[ML 1 Video 1] Why is having RMSE as evaluation metric mean that ratios are important?

(Aseem Bansal) #1

Jeremy mentions in ML 1 Video 1 that for the competition “Blue Book for bulldozers” as RMSE is being used as evaluation metric hence ratios are important. So we are taking log of the target variable. I don’t understand why RMSE as evaluation metric would mean ratios are important. Can someone explain that?

(satish) #2

@jeremy is it okay if you can open up forums of machine learning.

Yes I too had the same question

(Aseem Bansal) #3

I think Jeremy mentioned in the intro thread that those forums were only for the Masters students.

(WG) #4

It’s pretty easy to test …

Run the following calculations:

200 - 100
10 - 5
log(200) - log(100)
log(10) - log(5)

Notice that the last two operations return the same results.
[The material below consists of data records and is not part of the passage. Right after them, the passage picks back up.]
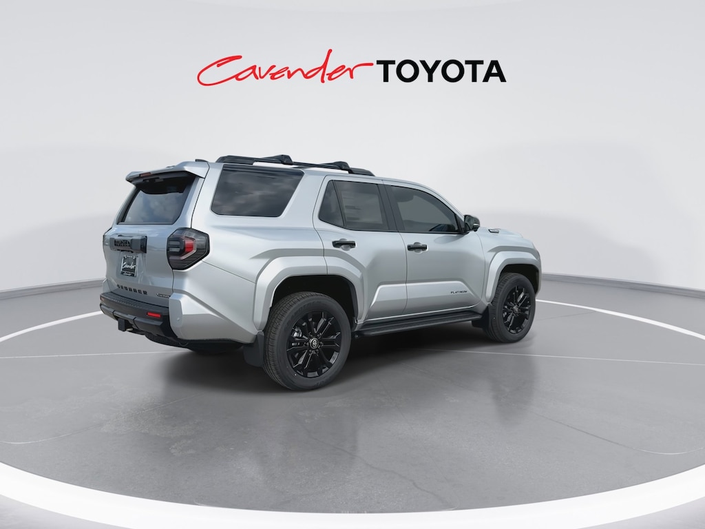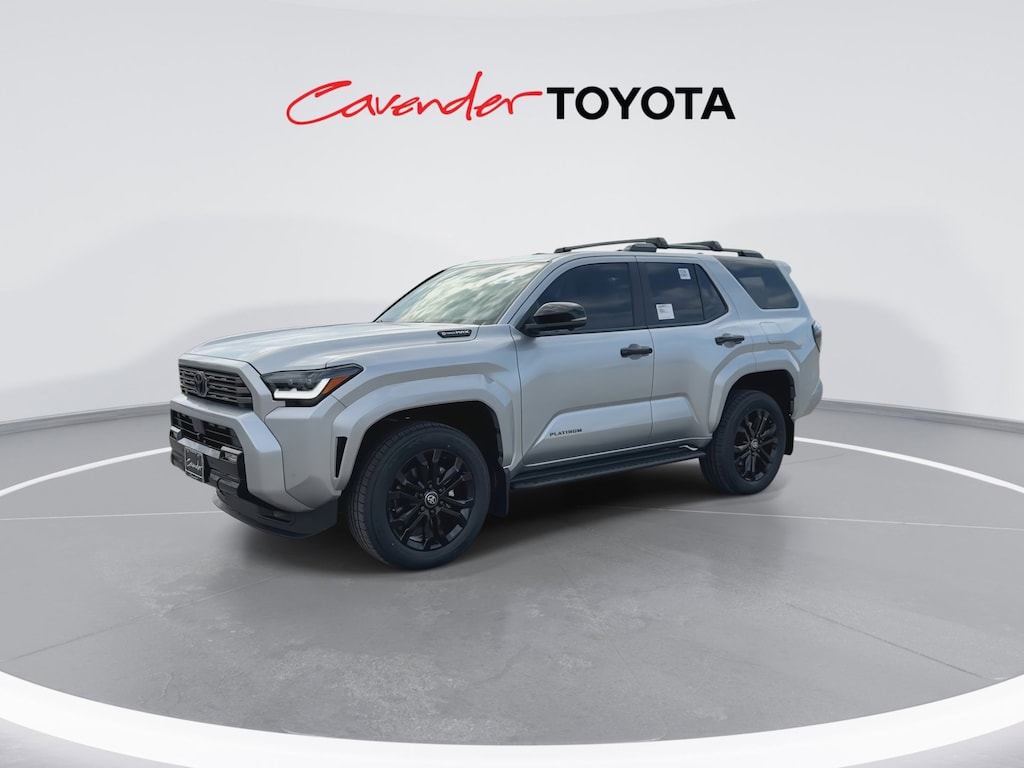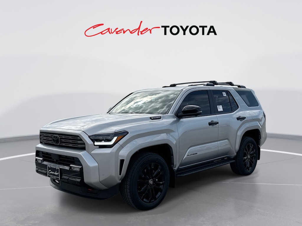 Welcome to Cavender Toyota, a Cavender Auto Family dealership. This vehicle is located at 5730 NW Loop 410, San Antonio, TX 78238. Here at Cavender, we build relationships based on trust and integrity to exceed your expectations in your ownership experience. Quite simply, we strive to Make Confidence Happen! So stop by and allow us to serve your automotive needs; we would love to meet you.Cutting Edge 2026 Toyota 4Runner i-FORCE MAX Hybrid Platinum 4WD 8-Speed Automatic 2.4L 4-CylinderFeatures: Platinum, 2.4L 4-Cylinder, 15 Speakers, 4-Wheel Disc Brakes, ABS brakes, Air Conditioning, Alloy wheels, AM/FM radio: SiriusXM, Anti-whiplash front head restraints, Apple CarPlay/Android Auto, Auto High-beam Headlights, Auto-dimming Rear-View mirror, Automatic temperature control, Brake assist, Bumpers: body-color, Compass, Delay-off headlights, Driver door bin, Driver vanity mirror, Dual front impact airbags, Dual front side impact airbags, Electronic Stability Control, Emergency communication system: Safety Connect (1-year trial), Exterior Parking Camera Rear, Front and Rear Molded Black 4Runner Mudguards, Front anti-roll bar, Front Bucket Seats, Front Center Armrest, Front dual zone A/C, Front fog lights, Front reading lights, Front Red Tow Hooks Upgrade, Front wheel independent suspension, Fully automatic headlights, Heads-Up Display, Heated and Ventilated Front Bucket Seats, Heated door mirrors, Heated front seats, Heated rear seats, Heated steering wheel, Illuminated entry, Interior D-Pillar Cargo Lights, Knee airbag, Leather Shift Knob, Leather steering wheel, LED Liftgate Light, Low tire pressure warning, Memory seat, Moonroof, Navigation System, Occupant sensing airbag, Outside temperature display, Overhead airbag, Overhead console, Panic alarm, Passenger door bin, Passenger vanity mirror, Power door mirrors, Power driver seat, Power passenger seat, Power steering, Power windows, Radio: 14" Audio, Rain sensing wipers, Rear anti-roll bar, Rear seat center armrest, Rear side impact airbag, Rear window defroster, Rear window wiper, Remote keyless entry, Security system, Semi-Aniline Leather Seat Trim, Speed control, Speed-sensing steering, Split folding rear seat, Spoiler, Steering wheel mounted audio controls, Tachometer, Telescoping steering wheel, Tilt steering wheel, Traction control, Trip computer, Turn signal indicator mirrors, Variably intermittent wipers, Ventilated front seats, and Wheels: 20" Gloss-Black Painted Alloy.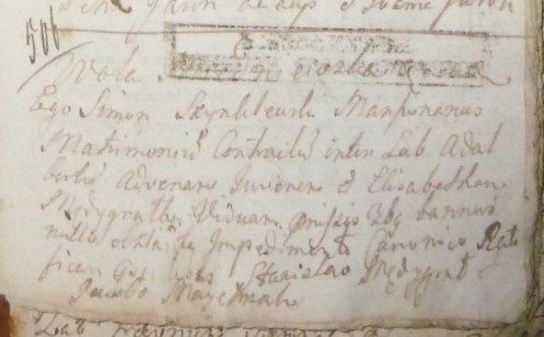 Pierwsza pewna wzmianka o Stanisławie Mędygrale pochodzi z aktu jego małżeństwa z Elżbietą, sporządzonego 20 listopada 1762 roku w Woli Miedniewskiej (Ryc. 8). Został w nim określony jako laboriosus, czyli „pracowity”, co w ówczesnej praktyce kancelaryjnej wskazuje na jego przynależność do stanu chłopskiego. Nazwisko panieńskie Elżbiety zapisano w akcie niestety w sposób nieczytelny. Być może chodzi o formę Baszczonka lub Barzczonka, którą można ostrożnie wiązać z nazwiskami występującymi w księgach metrykalnych z tego samego okresu, takimi jak: Barszczewicz, Barszczewski, Baszcz lub Baszczewski.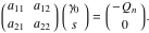 unknowns. The system of equations can be put into standard form. The terms involving unknowns are collected on the left-hand side of the system of equations and the known quantities are collected on the right-hand side. The result can be written in block-matrix form as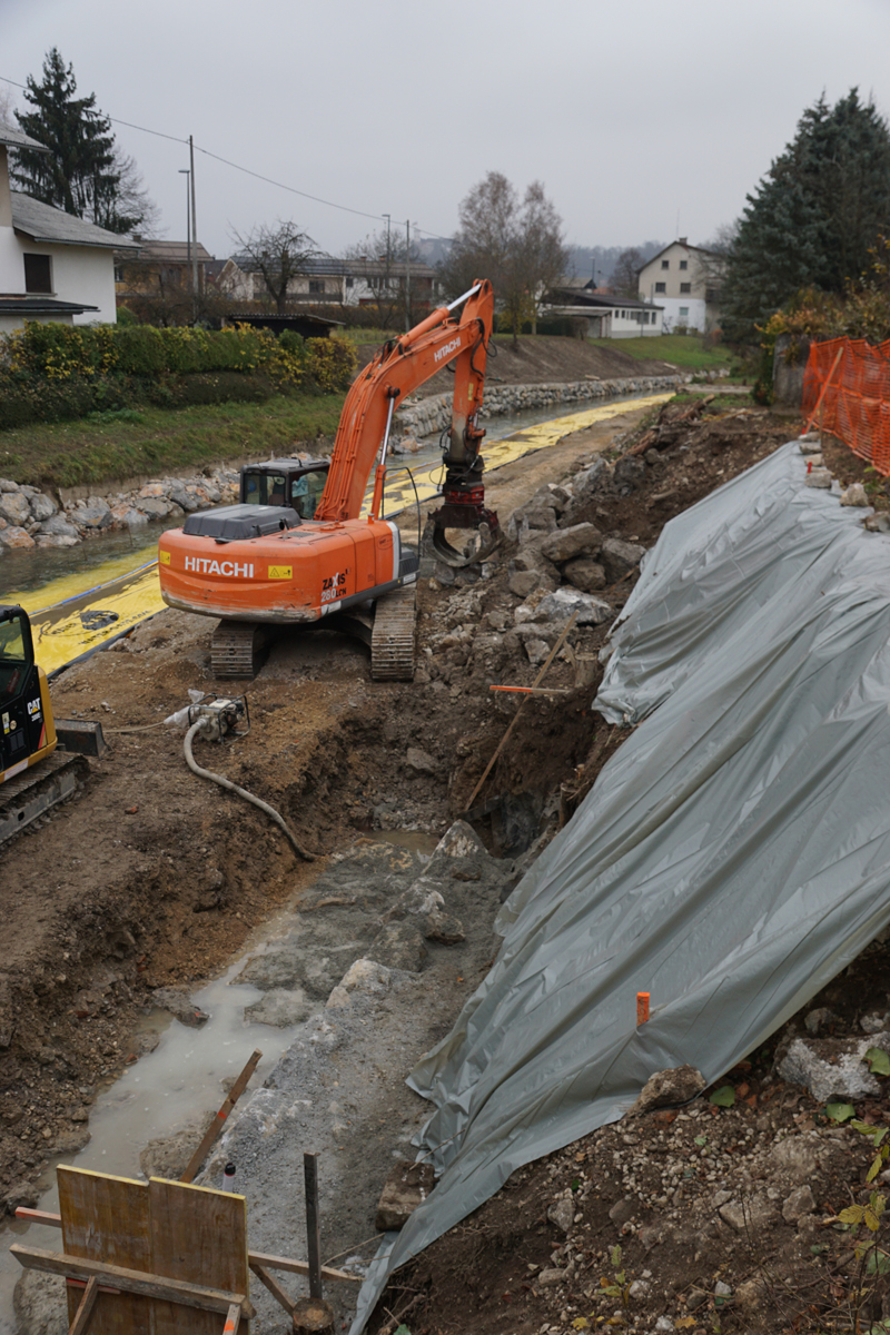 Rénovation de berges en assec sur le Mali Graben – 150 m de batardeaux souples en courant parallèle (Ljubljana)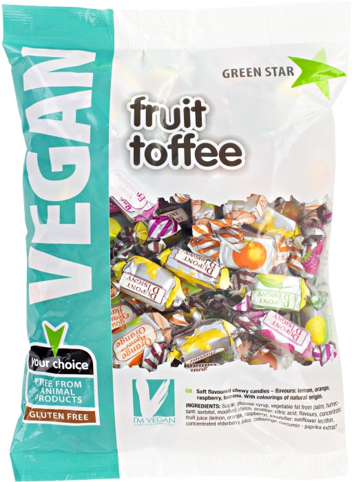 Green Star Vegan Fruit Toffee är mjuka fruktkolor i smakerna citron, apelsin, hallon och banan.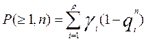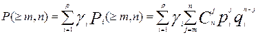 а вероятность появления п- элементной комбинации с т и более ошибками определяется как:
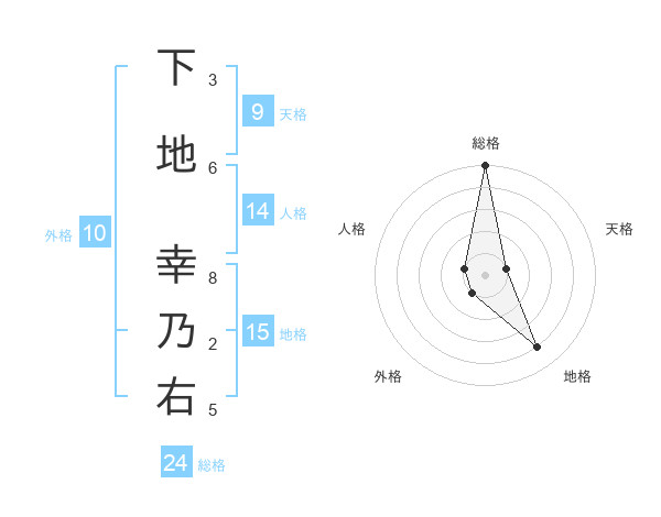 下地 幸乃右さんの総格は24画の5点!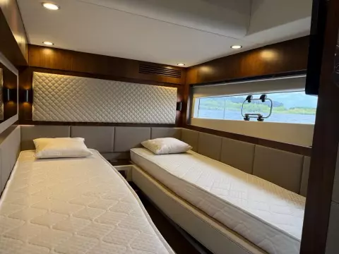 • Fwd guest cabin with twin single berth, conversion to double, access to day head / en-suite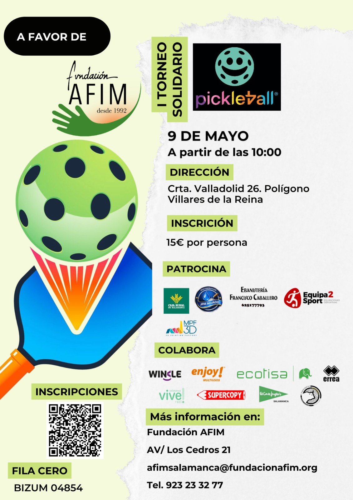 El torneo de pickleball se disputará en la Carretera de Valladolid 26, en el polígono industrial de Villares de la Reina el día 9 de mayo a partir de las 10.00 horas.

The reason it is important here is at least twofold:

  1. The competition specifically states that it is using RMSEL and not RMSE
  2. Depending on the problem, it may be more important to know how far your predictions are off relative to the target rather than the actual difference between the two. Looking at my example above, the actual difference without using log is very different … 100 and 5, whereas using the log function make is clear that you are off by the same amount proportionally irrespective of the actual differences.

(Aseem Bansal) #5

I understand that with logs ratio are important. Basically because

log a - log b = log (a/b)

Also understand that for many use cases ratios may be important instead of absolutes. But my question is more about if evaluation metric is RMSLE (which has log in its formula) why does the ratio become important for the target variable due to the evaluation metric? I understand log is there in the formula of RMSLE but that log is of errors not the target variable. Right?

(WG) #6

I think Jeremy converts target variable more as a convenience than a necessity as it allows you to use the standard R/MSE loss functions already defined in the library.

(Aseem Bansal) #7

Watched first few minutes of Video 2 and the explanation there clears my confusion. So the only reason we are taking log is because the evaluation metric has log but the one for which we are optimising does not. So taking log of the target variable is bridging that gap.

(Jeremy Howard (Admin)) #8

We’ll be opening them soon.